The Lord protected the woman as promised. The remnant of Israel still left on earth was given wings (so to speak) to fly into the desert, desert meaning a place in the ordinary world. The ordinary world has always been parched for God's living waters. She, the Israel remaining on earth, will be preserved there throughout the times of the Gentiles. Here is how I understand this.
After the Church was born, those Judeans who could not accept Jesus re-examined their faith. There were two conflicting schools of thought in Judaism. The Pharisees thought that there was life after death with a place of bliss and happiness for the righteous and place of punishment for the wicked. The Sadducees did not think there was life after death. During the Judean civil war, the Zealots exterminated the Sadducees. Because Christians quoted Scripture to prove their claims, the Pharisees decided to consolidate their faith upon Scripture they felt was long established and already widely accepted as God's word. Accordingly, they fell back to Scripture originally written in Hebrew. Anything not originally written in Hebrew they did not accept. This included much Scripture the Christians used to prove that Christ is the Messiah.

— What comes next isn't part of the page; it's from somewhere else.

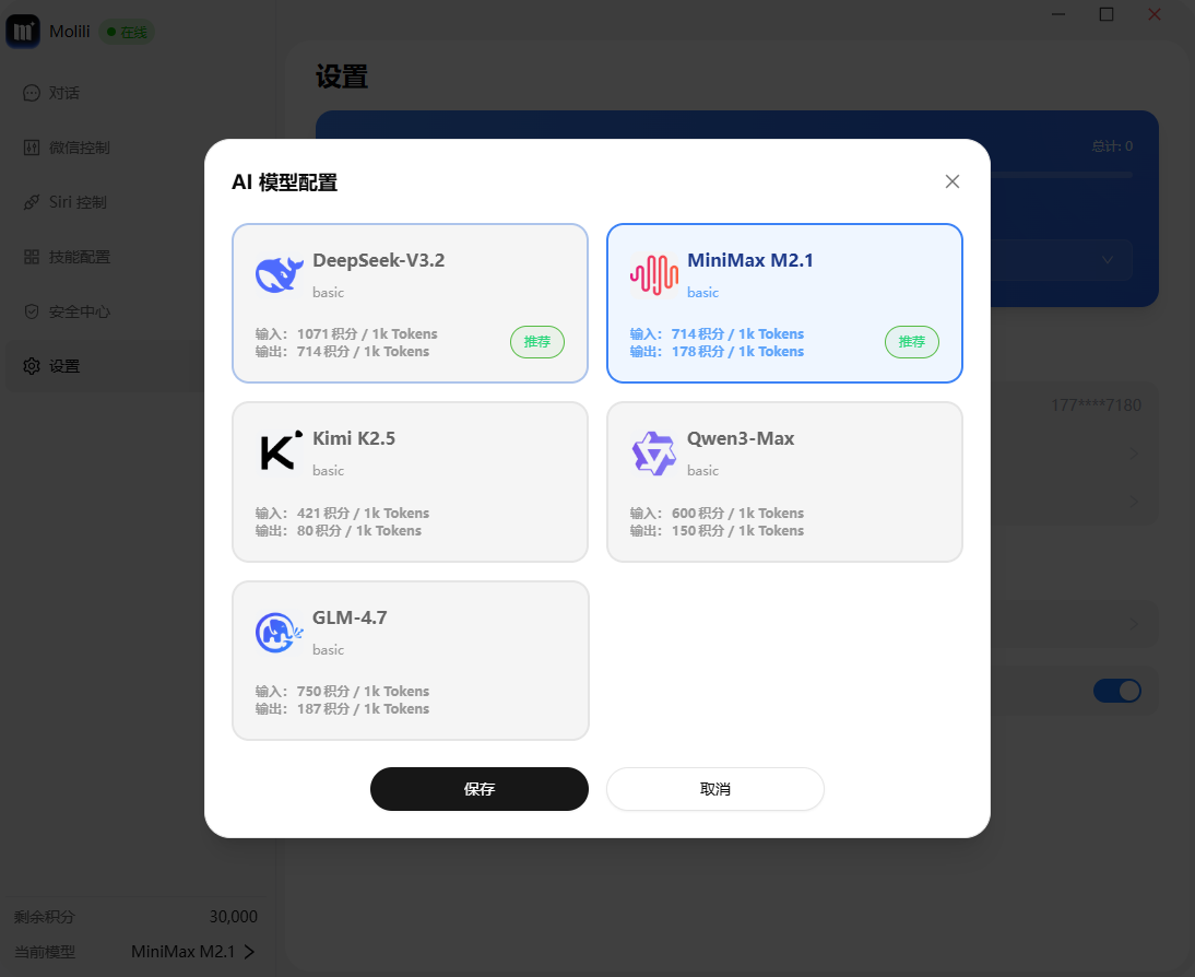 Molili的配置也是大同小异的,无非就是对接个API接口,接入大语言模型,而其它生图、生视频的功能,都需要单独接入其它模型API。

The unbelieving Judeans fell back to an earlier stage in their religious development. What they retained is still true, but it is not all that had been revealed to Israel. Their descendants did not see what they saw. Their descendants have few alternatives but to base their faith in Judaism upon the testimony and Scripture passed down to them. Their descendants continue to this day as the remnant of Israel. They include many sincere people who do not recognize Christ. This remnant will remain unmoved by faith in Christ until the end times. God has revealed this and has provided the circumstances whereby this can take place.
REVELATION 12:15–16
15 And the serpent cast out of his mouth after the woman, water as it were a river; that he might cause her
to be carried away by the river.
16 And the earth helped the woman, and the earth opened her mouth, and swallowed up the river, which
the dragon cast out of his mouth.
God's word has been compared to living waters that come from heaven that people might have spiritual life. Jesus told the Samaritan woman that if she drank the water he would give her, she would never again thirst (John 4:15). The water symbolizes God's truth. I think the water spewed by the serpent symbolizes false inspirations that bring not life but death. The earth rescued the woman by swallowing this water so it could not sweep her away. The devil inspired lies, persecutions, bigotry, and violence against the woman to destroy her. This flood of hatred made her existence miserable throughout her exile, but it did not destroy her.
The most recent and worst persecution was the Nazi Holocaust. Hitler's inspiration was to eliminate the Jewish people, and the Nazis went to frightening lengths to accomplish it. But other people, entirely independent of the Jews and for national security reasons of their own, destroyed the Nazi regime at a time when the Jews were absolutely helpless to defend themselves. The woman, the remnant, survived.
REVELATION 12:17
17 And the dragon was very angry against the woman: and went to make war with the rest of her seed, who
keep the commandments of God, and have the testimony of Jesus Christ.
At the beginning of the Church age there was no Nazi Germany to be mobilized against the woman, but there was
the Roman Empire, so the dragon went to mobilize the Roman Empire.
REVELATION 12:18
18 And he stood upon the sand of the sea.
The sea is the Mediterranean. The Judeans would, from their perspective, recognize that Rome lies directly opposite them across the Mediterranean Sea. The third woe is still yet to come, but these signs and later the vials or seven plagues illustrate how severe the third woe will be for the unbelieving Judeans.